Sabrina Ionescu floater is back in a big way for Liberty in 2024

For all intents and purposes and quantitative measurements that delineate a successful WNBA season, Sabrina Ionescu had one in 2023.

She was two years removed from the ankle injury that derailed her rookie season and impacted the start of her second year, too, and in a span of two months, she shattered the 3-point contest record — for both the NBA and WNBA — and then sank her 122nd 3-pointer to break Diana Taurasi’s single-season mark.

The year 2023 was all about Ionescu’s shot from beyond the arc, just as 2022 and 2021 were, too.

New York Liberty guard Sabrina Ionescu has impressed this season. Kamil Krzaczynski-USA TODAY Sports

But there was a reason for that.

In just her third professional game, Ionescu tried to dribble around a defender near mid-court and twisted her left ankle, a Grade 3 sprain that ended her season and forced her to reconstruct her offensive instincts.

Her 3-point rhythm excelled.

Her floater, a strength dating back to her youth, was removed.

“You try and not jump off one foot,” Ionescu told The Post last month, “and so I think it kind of took that out of my game for the last two years.”

This season, the revival of that shot sits at the crux of Ionescu’s 17.2 points per game, which ranks second on the Liberty (7-2) entering their game Saturday against the Sun that doubles as a rematch of last year’s WNBA semifinals and a pivotal Commissioner’s Cup showdown.

Ionescu is attempting a higher share of shots (22.6 percent of her total attempts) from floater range — shots 3-10 feet from the basket — than she has since her abbreviated rookie season.

Ionescu is attempting more floaters this year. Wendell Cruz-USA TODAY Sports

And she is converting those shots at the highest clip (52.8 percent) since those three games in 2020.

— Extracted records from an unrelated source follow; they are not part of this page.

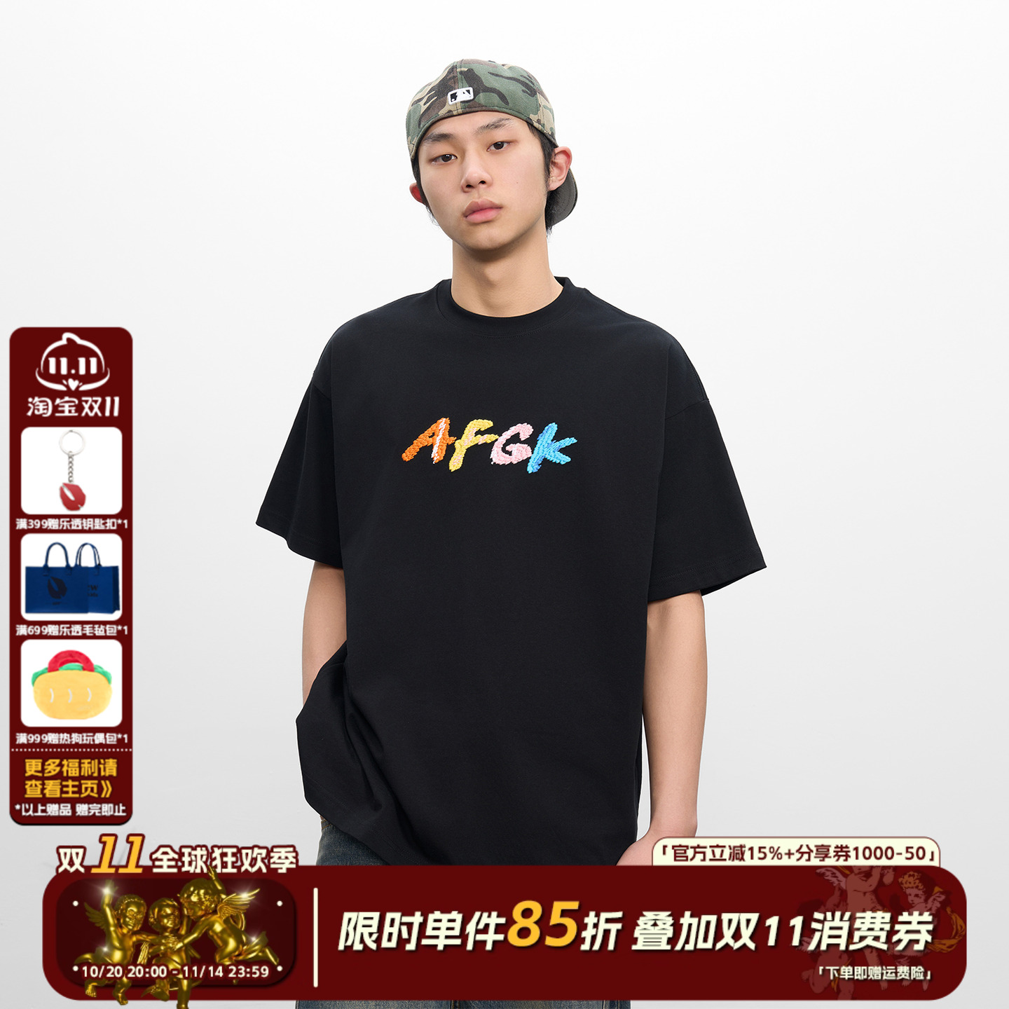 亿万少年BUFU国潮牌美式字母刺绣高街短袖T恤男女夏季情侣装半袖
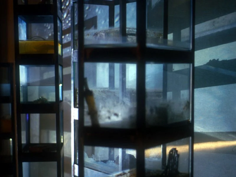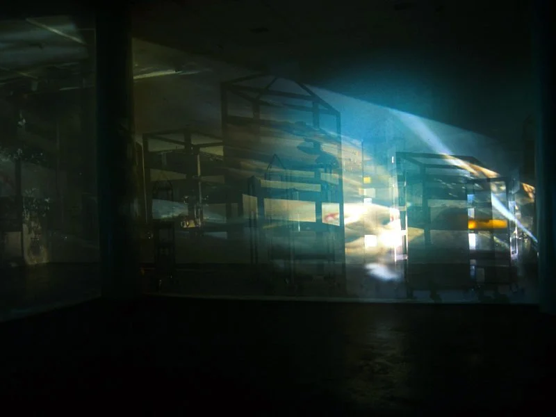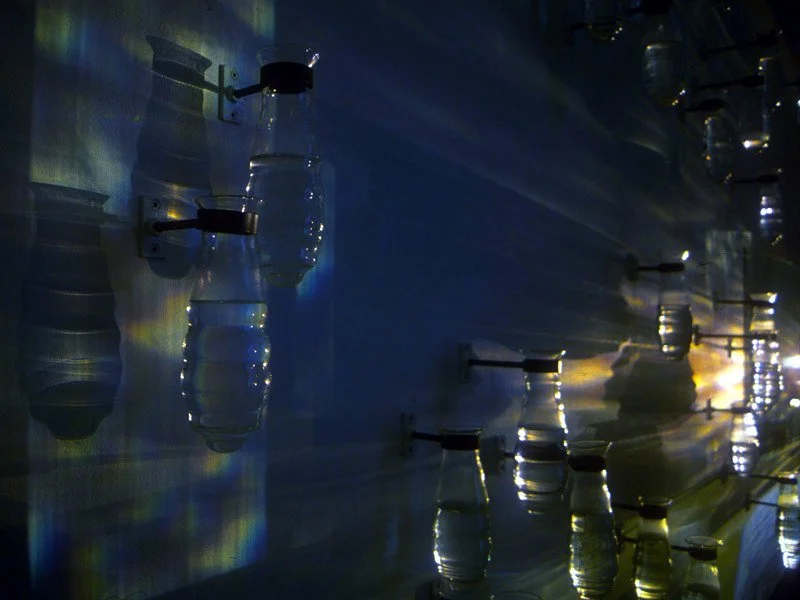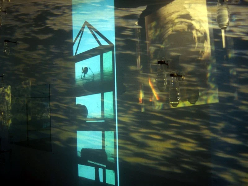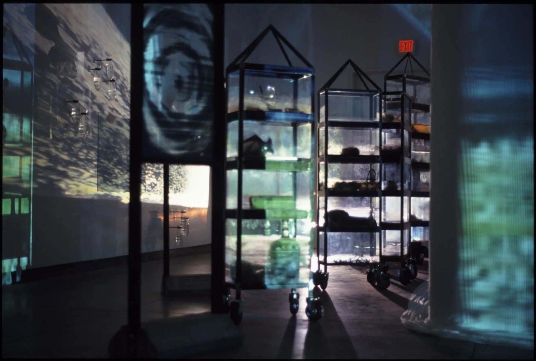 Film projection, glass tanks, found objects, collected water from X, hand-blown glass vessels, sound and exhibited at the Institute of Contemporary Art at the Maine College of Art & Design in Portland, ME, 2005
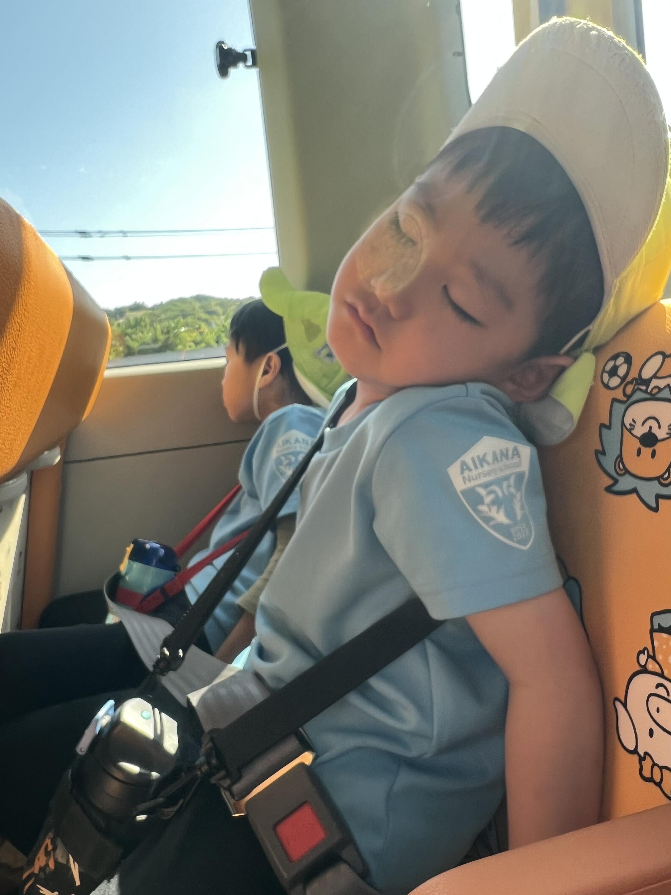沢山遊んだ後は 疲れてしまいバスの中でウトウト

Those numbers are up from 14.3 percent and 40.9 percent, respectively, in 2023.

“It’s tough trying to play and not being able to get into the things that help you succeed and that helped you be the player that you were before,” Ionescu said. “But to be able to have the last two seasons now where I’ve been able to get more comfortable and being healthy, it’s just helped me get back to what I’m comfortable doing.”

The Liberty coaches wanted Ionescu to rely on her floater more, too.

Assistant Olaf Lange stressed that at multiple film sessions last year.

She always possessed that ability — at Oregon, at Miramonte High School, when she played against boys growing up — but just didn’t use it enough.

So Ionescu’s coaches told her to speed up everything, to find a way to finish chances around the basket, and during the offseason, that’s exactly what she worked on in Los Angeles.

She didn’t have to alter her 3-point mechanics.

Ionescu’s 44.8 percent clip from beyond the arc reflected the best of her WNBA career.

Stephen Curry challenged her to a contest during the NBA’s All-Star Game festivities.

Stephen Curry challenged Ionescu to a 3-point challenge. Getty Images

There wasn’t anything to fix.

Instead, Ionescu cycled through 3-point attempts off the dribble, as well as with and without screens, and tried to extend her range — if that was possible.

But really, everything revolved around the floater.

A mid-range jumper takes longer to execute, Ionescu said, and she won’t always have time to drive to the block for an open layup before a forward tries to swat it.

She can rely on the floater off the dribble, and it has been effective in pick-and-roll scenarios.

“It’s something that’s really hard to teach,” Ionescu said, “but I think when you figure it out, it really helps.”

Growing up, Ionescu watched how Curry and Steve Nash implemented the floater.

Ionescu’s, at that stage, was fairly basic — the “right-hand, left-foot floater,” she said — but gradually grew into something with layers of complexity, from lifting off the wrong foot and clutching the ball with both hands to speeding up the process and “figuring out ways to just change the trajectory of it.”

The floater has turned Ionescu into a multi-dimensional player, Lange said.

It complicates defensive game plans for opponents, and when Ionescu becomes a threat to facilitate the Liberty’s offense, elevate for 3s or drive just enough to loft a floater, she can attract three defenders.

It’s the most comfortable, and effective, Ionescu has felt with the floater since her ankle twisted.

Early in the second half of the Liberty’s opener, she curled around a screen, took one dribble and rose for a shot that went in and drew a foul.

Similar instances helped shape her career, Ionescu said, even though they shifted out of the spotlight for a few seasons and took time before returning.

“But now,” Lange said, “it’s a perfect shot.”